Data from production environments consistently shows that manual CloudFormation triage consumes 15β45 minutes per failure, with significant context-switching overhead. When AI is introduced as a headless triage agent running on shared infrastructure, that window drops to under 5 minutes for common failure patterns. The critical insight is that shared-compute AI agents don't need to fix the deployment. They only need to provide a ranked, evidence-backed starting point. This single shift decouples debugging from human availability and scales incident response without adding headcount.
WOW Moment: Key Findings
The architectural trade-offs between local AI, shared-compute agents, and managed AI platforms become stark when measured against team-scale requirements. The table below compares three deployment patterns across four operational dimensions.
| Approach | Team Accessibility | Execution Latency | IAM Security Posture | Maintenance Burden |
|---|---|---|---|---|
| Local CLI Assistant | Individual only | <2s (interactive) | Developer-managed keys | Low (per dev) |
| Shared Compute Agent | Team-wide, event-driven | 15β45s (ephemeral) | Centralized, scoped roles | Medium (infrastructure) |
| Managed AI Platform | Team-wide, API-gated | 10β30s (provisioned) | Platform-managed | Low (vendor) |
Shared-compute agents occupy the optimal middle ground for most engineering teams. They provide immediate team accessibility without waiting for vendor-managed maturity, enforce centralized security boundaries through IAM roles, and maintain predictable latency through stateless execution. The 15β45 second execution window is acceptable for post-failure triage because it runs asynchronously alongside developer workflows. More importantly, it eliminates the synchronous ping-and-wait cycle that fragments focus and delays recovery.

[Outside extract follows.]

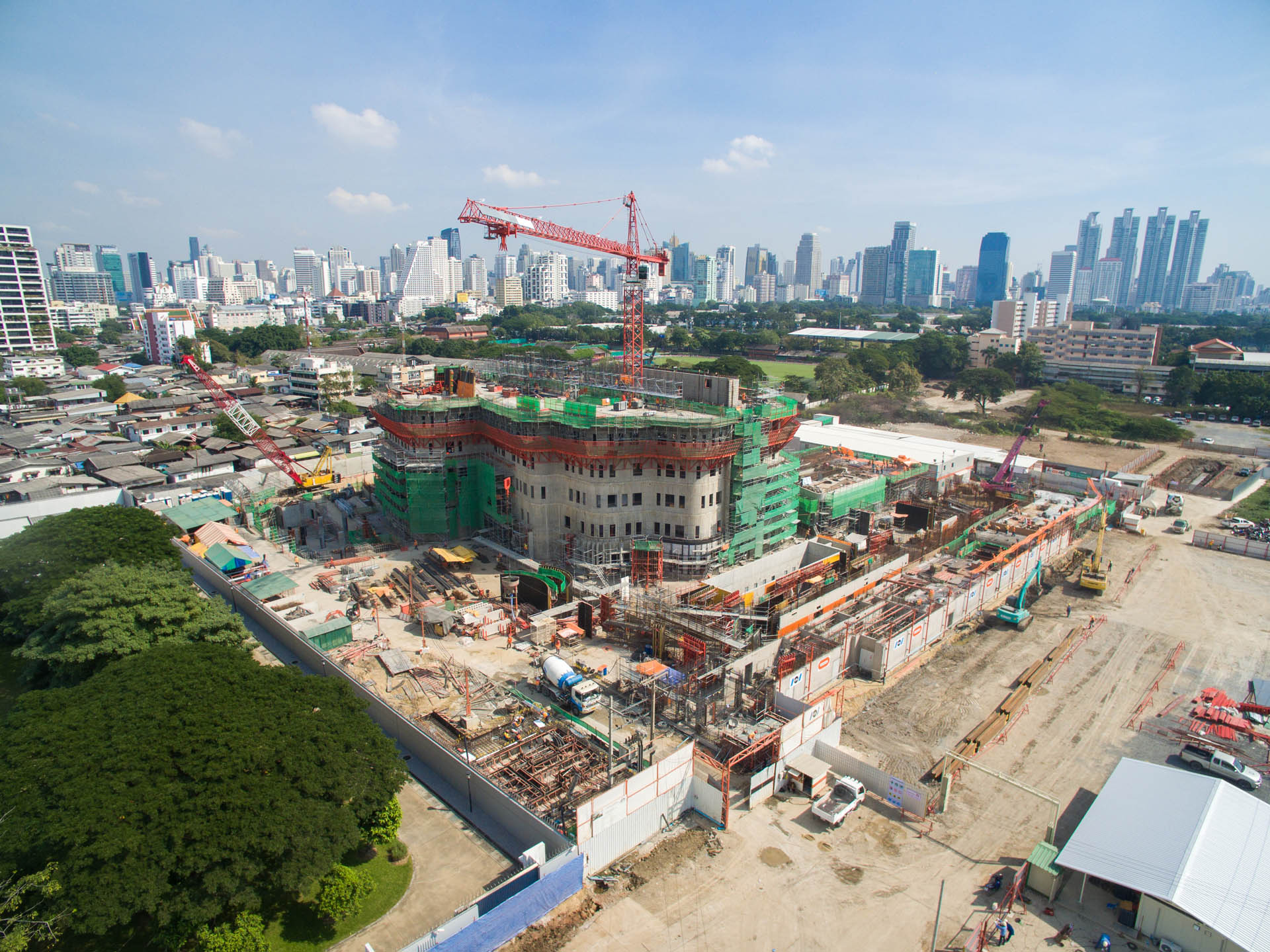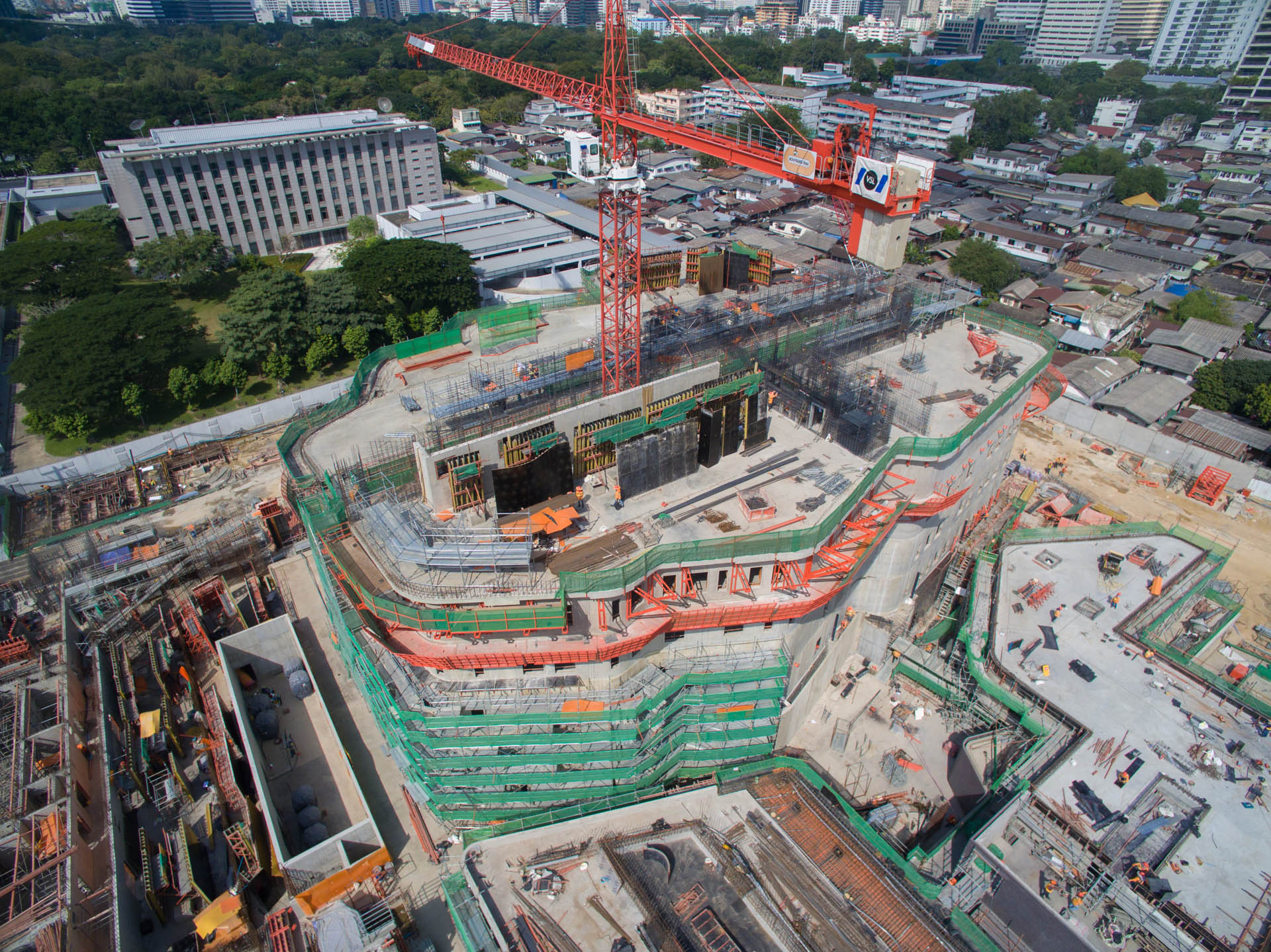 Time and costs were reduced by using piling designed with a refined settlement analysis to allow loads significantly higher than those generally used in Thai construction.

This finding matters because it validates a pragmatic architectural path: you don't need a fully managed AI service to achieve team-scale debugging. A lightweight, shared-compute agent with strict read-only boundaries and structured output routing delivers 80% of the value with full control over security, cost, and integration points.
Core Solution
Building a headless AI debugging agent requires four coordinated components: an event trigger, an ephemeral execution environment, a secure data-fetching layer, and a deterministic output router. The following architecture uses AWS CodeBuild as the execution plane, the AWS MCP server for read-only infrastructure inspection, and the Claude API for analysis.
Step 1: Event-Driven Trigger
CloudFormation emits deployment state changes to Amazon EventBridge. A rule filters for CREATE_FAILED or UPDATE_ROLLBACK_IN_PROGRESS states and routes the payload to a CodeBuild project. The payload includes the stack name, region, and optional commit SHA.
Step 2: Ephemeral Execution Environment
CodeBuild is chosen over Lambda or Fargate because the workload matches its lifecycle: clone source, install dependencies, run a script, and terminate. Lambda's 15-minute timeout and cold-start variability complicate tool installation. Fargate adds unnecessary orchestration overhead for a single-script workload. CodeBuild provides predictable provisioning, native secret injection, and straightforward CloudWatch logging.
Step 3: Secure Data Fetching via MCP
The agent must inspect stack events, resource properties, and recent configuration changes without granting write access. The AWS MCP server acts as a read-only bridge. It authenticates with a scoped IAM role and exposes infrastructure state through standardized tool calls. This separation ensures Claude never receives raw AWS credentials; it only receives structured JSON responses from the MCP server.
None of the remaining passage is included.